Speedwork In February?
- By Paul Moore
- Published February 7, 2012
February might represent the early stages of the base phase of training, but it is also a good time to start thinking about speed (contrary to what other people might say).
Written By Matt Fitzgerald
Traditional methodology in endurance sports training forbids speed work during the “base phase” of training. Athletes are supposed to train exclusively at low intensities at this time and wait until the race season begins to start working on speed. But standard practices in speed training are evolving. Tim Crowley, Jarrod Shoemaker’s coach is part of the new guard.
“I believe that, with the exception of a week off or so following the last race of the season, some form of speed should be included in every training week, year- round,” Crowley says.
It is wintertime in New England. The lakes are frozen. It’s hard to even imagine doing a triathlon. Jarrod Shoemaker’s first race of the year is many weeks away, and yet here he is, sprinting full speed up a hill near his home in Maynard, Massachusetts.

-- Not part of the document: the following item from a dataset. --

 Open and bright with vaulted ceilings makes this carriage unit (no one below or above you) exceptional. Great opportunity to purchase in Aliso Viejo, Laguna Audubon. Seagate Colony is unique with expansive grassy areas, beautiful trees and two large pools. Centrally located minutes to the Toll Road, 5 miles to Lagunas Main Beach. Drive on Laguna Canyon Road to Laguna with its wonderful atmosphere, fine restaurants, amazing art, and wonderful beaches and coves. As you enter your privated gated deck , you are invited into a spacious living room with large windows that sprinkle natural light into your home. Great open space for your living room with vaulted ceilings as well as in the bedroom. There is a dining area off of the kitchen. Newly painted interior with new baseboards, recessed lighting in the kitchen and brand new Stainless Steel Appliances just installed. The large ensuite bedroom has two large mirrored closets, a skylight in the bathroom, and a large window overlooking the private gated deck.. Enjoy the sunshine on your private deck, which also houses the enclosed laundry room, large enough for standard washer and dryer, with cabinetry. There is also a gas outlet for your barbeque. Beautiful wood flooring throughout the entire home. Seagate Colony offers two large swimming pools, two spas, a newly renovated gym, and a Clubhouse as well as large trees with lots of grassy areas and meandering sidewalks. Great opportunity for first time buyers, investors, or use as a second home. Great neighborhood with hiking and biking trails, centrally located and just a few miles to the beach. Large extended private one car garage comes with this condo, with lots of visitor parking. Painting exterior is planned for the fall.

The rationale is pretty simple: Triathletes need to develop speed to get the best possible results in races. When they remove speed training from their regimen in the winter, they lose the “snap” they gained over the summer, leaving them at square one when the next race season rolls around. Whereas if they keep speed training in their programme over the winter, they can actually build on the gains they made during the summer.
“Use it or lose it,” Crowley says.
But wait a minute. Isn’t this a recipe for burnout? After all, the reason endurance athletes have traditionally avoided speed work during base training is that high- intensity exercise is stressful, so athletes need a break from it now and then.

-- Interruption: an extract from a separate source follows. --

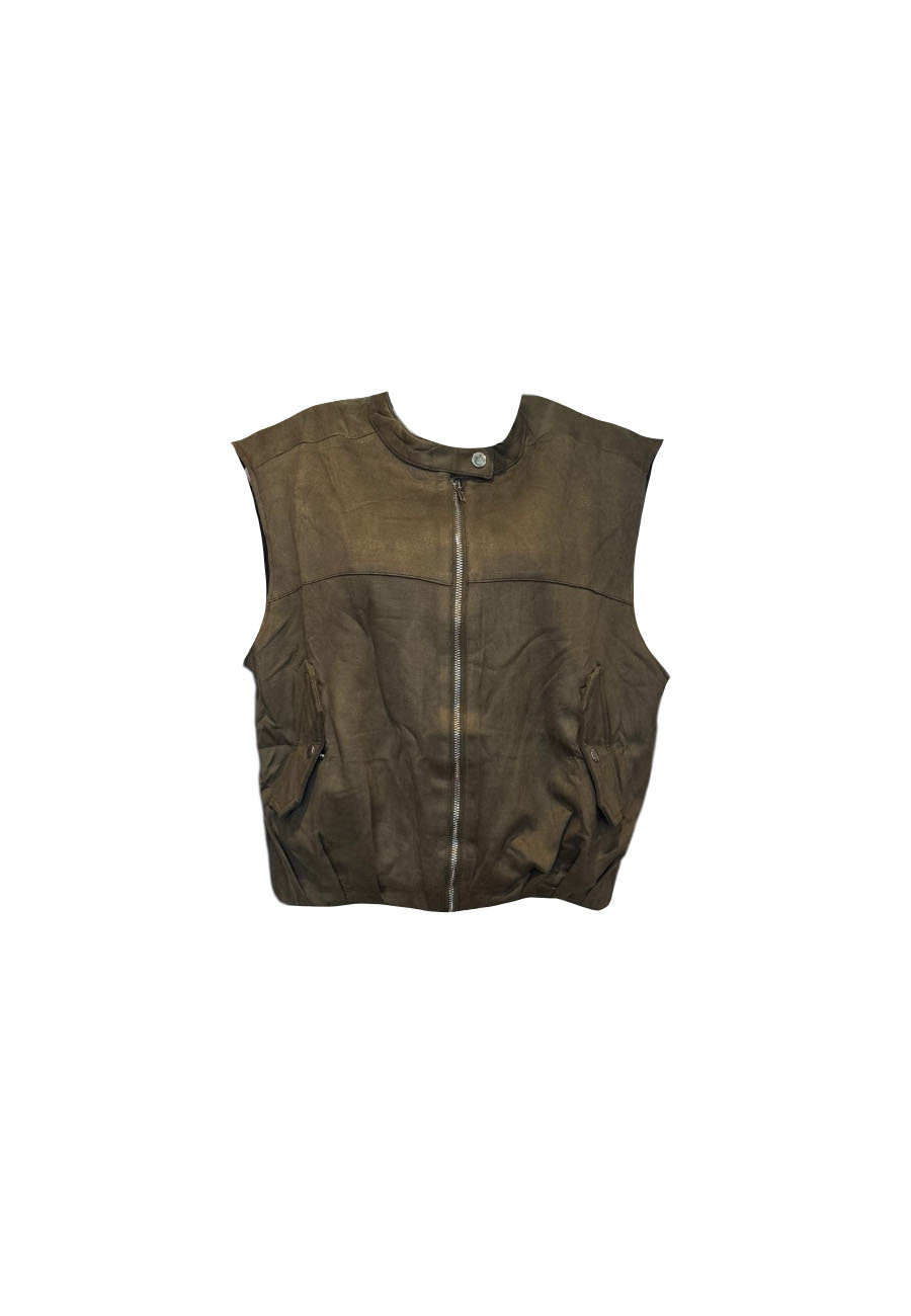 Beige mêlee vestje (geen wol) met gouden knoopjes, 1 maat valt als xs t/m l

Crowley and other coaches in the new guard are not advocating a uniform approach to speed training throughout the year, however. Instead they have their athletes perform a very small amount of speed training during the winter that allows them to maintain their speed without the stress doled out by the challenging track workouts to come in the racing season.
“Off-season speed work for me is not the traditional speed training in which an athlete flogs himself at the track, for example running 16 times 400 metres,” says Cliff English, whose roster of elite triathletes includes Tim O’Donnell and T.J. Tollakson. “It’s more about keeping the nervous system and fast-twitch muscle fibres tuned up for quickness.”